SketsaNusantara.id - Mulai 1 Februari 2025 besok, Pertamina tak lagi menjual gas LPG 3 kg ke pengecer.
Gas LPG 3 kg akan dikirim langsung kepada agen dan kepada pangkalan yang memiliki hak menjualnya sehingga masyarakat tak lagi bisa membeli ke pengecer.
Perubahan kebijakan penjualan LPG 3 kg ini akan menyebabkan sejumlah perubahan yakni tidak ada lagi penjualan eceran.
Untuk itu bagi masyarakat atau pembeli bisa langsung ke pangkalan resmi Pertamina dimana masyarakat bisa membeli LPG 3 kg secara langsung.

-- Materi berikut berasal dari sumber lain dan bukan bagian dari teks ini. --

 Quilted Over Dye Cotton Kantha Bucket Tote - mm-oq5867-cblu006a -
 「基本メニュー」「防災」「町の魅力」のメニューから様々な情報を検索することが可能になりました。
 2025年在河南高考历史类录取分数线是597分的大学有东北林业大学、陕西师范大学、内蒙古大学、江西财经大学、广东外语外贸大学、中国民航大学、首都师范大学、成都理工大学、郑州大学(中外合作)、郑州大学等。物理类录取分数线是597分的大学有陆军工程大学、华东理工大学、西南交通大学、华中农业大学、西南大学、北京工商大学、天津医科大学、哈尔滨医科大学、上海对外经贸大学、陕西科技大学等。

Pertamina Patra Niaga menegaskan bahwa mulai Februari 2025 pihaknya tak lagi menjual eceran LPG 3 kg ke pengecer, hal ini berdasarkan Keputusan Menteri Energi dan Sumber Daya Mineral Nomor 37.K/MG.01/MEM.M/2023.
Dilansir SketsaNusantara.id dari laman jdih.esdm.go.id peraturan di atas memuat tentang Petunjuk Teknis Pendistribusian Isi Ulang Liquefied Petroleum Gas Tertentu yang tepat Tepat Sasaran.

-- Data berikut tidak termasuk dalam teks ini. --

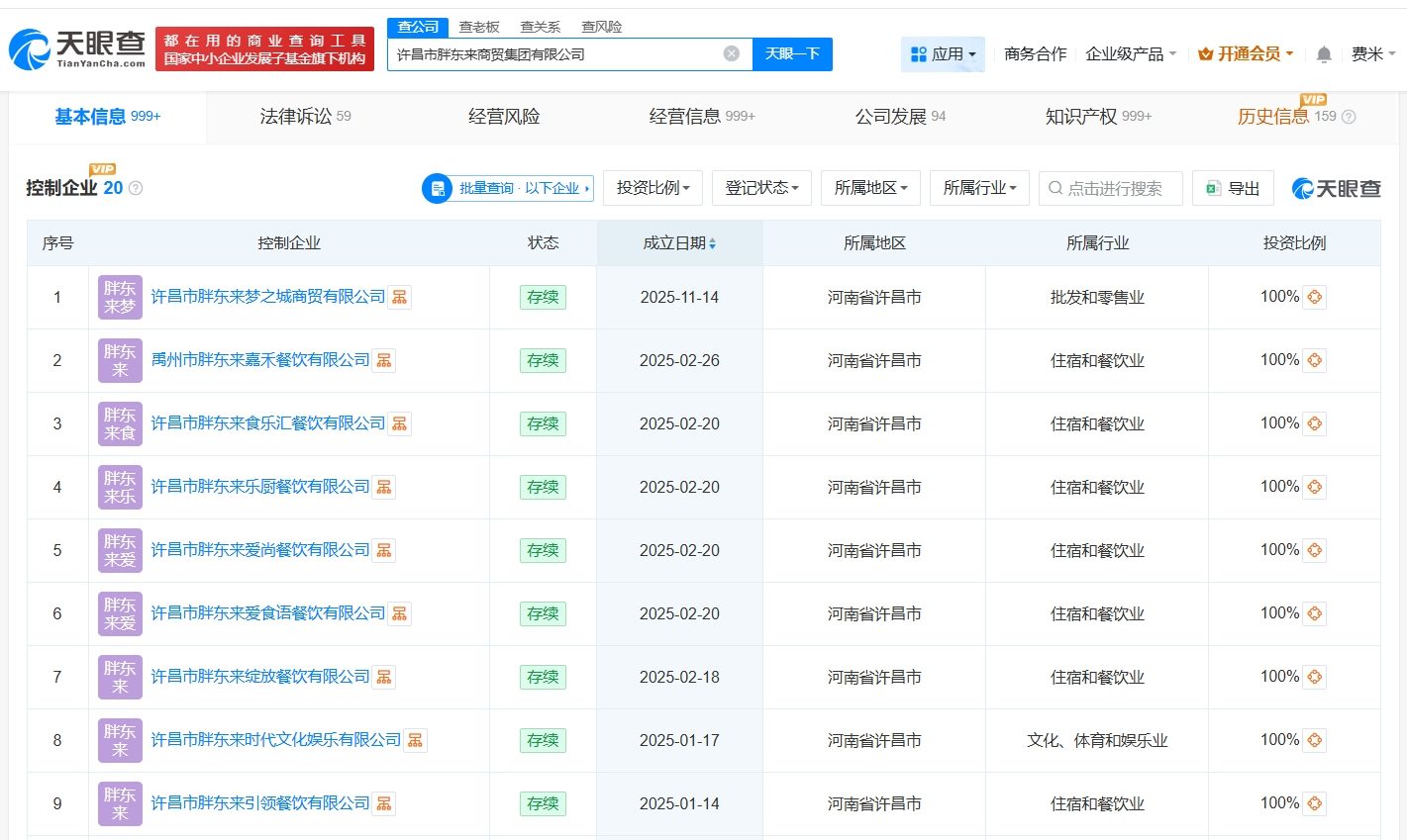 天眼查工商信息显示,胖东来关联企业许昌市胖东来商贸集团有限公司成立于1997年9月,法定代表人为于东来,注册资本5660万人民币,经营范围包括房地产开发销售、场地及柜台租赁、炒货食品分装等。股东信息显示,该公司由于东来、张春兰、于娟等共同持股。控制企业信息显示,该公司控制20家企业,去年,该公司成立了许昌市胖东来梦之城商贸有限公司、禹州市胖东来嘉禾餐饮有限公司、许昌市胖东来食乐汇餐饮有限公司等近十家新公司。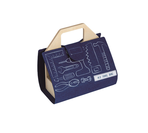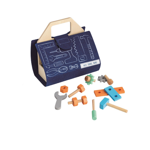 MUD PIE10-piece set. Clever wood and felt Tool Kit set with felt and wood accessories includes hammer, wrench and plate to practice with nuts and bolts fo...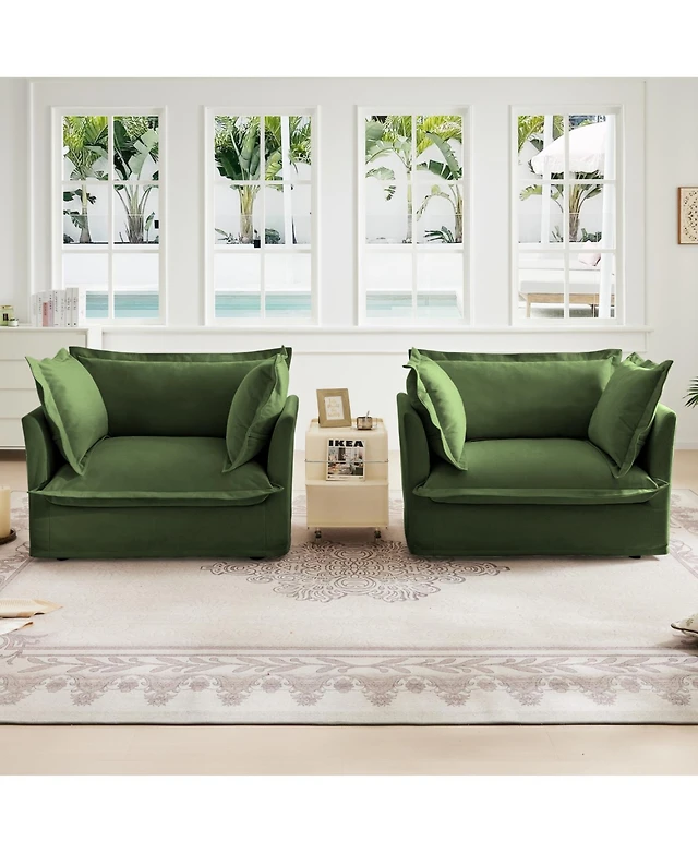 2 Pcs Modern Accent Chair Linen Fabric Armchair with Solid Acacia Wood Frame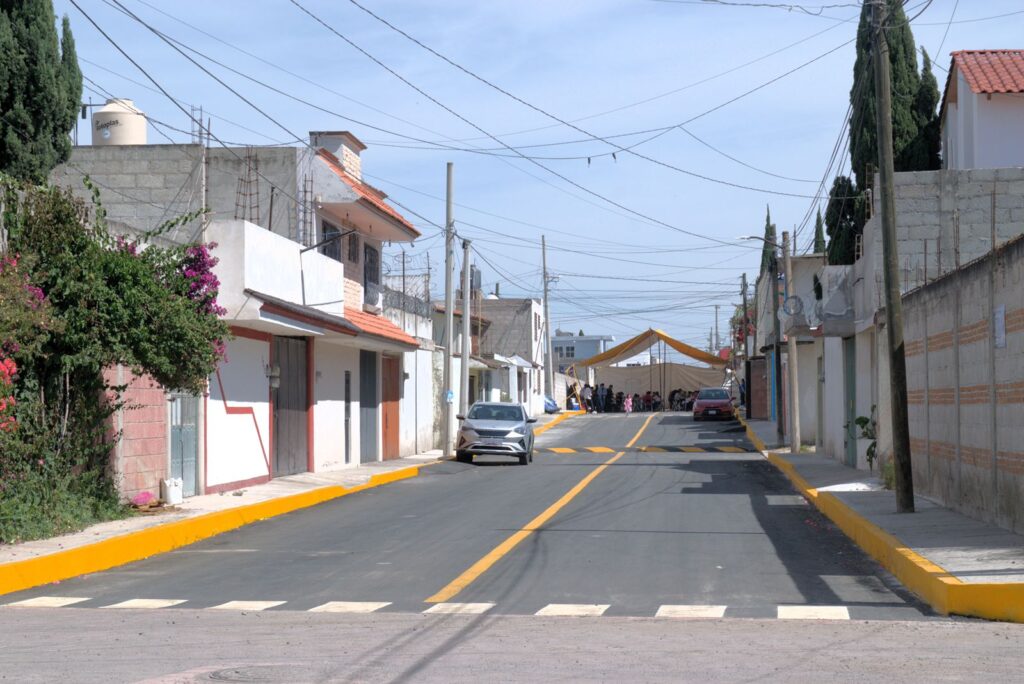 • El presidente municipal de Apizaco encabezó la entrega de mil 876.01 metros cuadrados de pavimento de concreto asfáltico en la calle 27 de Septiembre, comunidad de Santa Anita Huiloac.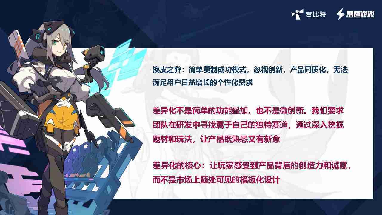 在我们内部是这么定义差异化的。。。首先,,,,差异化不是简单的功能叠加,,,更不是换皮。。只是换皮,,产品无法提供有效的市场价值。。。。内部经常说差异化的产品不是为了迎合市场,,而是找到一个自己独特的表达方式,,在研发中找到属于自己的细分赛道和独特赛道,,,前提是需要对这个题材有足够的深入、、、、挖掘,,对玩法有足够深入的理解,,让产品看起来既熟悉又有新意。。。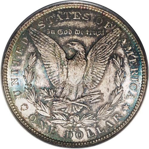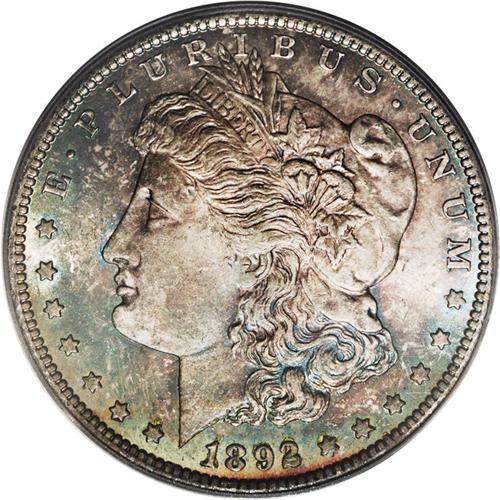 <B>1892-CC<img border='0' src='http://www.heritagecoins.com/images/star.gif' width=10 height=10>$1> MS65 PCGS.</B></I> Although not a common date, the 1892-CC Morgan silver dollar is also not one of the rarities in the series, although Gem examples are truly difficult to locate, especially with the eye appeal of this specimen. Both sides have pleasing golden-brown color with sea-green and iridescent toning, all over frosty silver luster. Just 22 finer non-prooflike examples of this date have been certified by PCGS.

Untuk itu gas akan dikirimkan langsung kepada agen maupun pangkalan yang berhak untuk menjualnya.
Kementrian ESDM menegaskan bahwa tujuan kebijakan ini agar penyaluran LPG subsidi lebih tepat sasaran dan terdata dengan baik serta untuk mencegah penjualan di atas harga eceran tertinggi (HET).
Elpiji 3 kg ditegaskan hanya untuk rumah tangga prasejahtera dan usaha mikro, sehingga untuk memastikan distribusi yang tepat sasaran maka konsumen elpiji 3 kg harus terdaftar dalam sistem berbasis data.
Untuk itu nantinya dalam pembelian gas elpiji 3 kg ini maka konsumen harus membawa KTP.
Sedangkan bagi pengecer boleh diberi kesempatan menjadi pangkalan dengan melampirkan NIB atau surat keterangan usaha.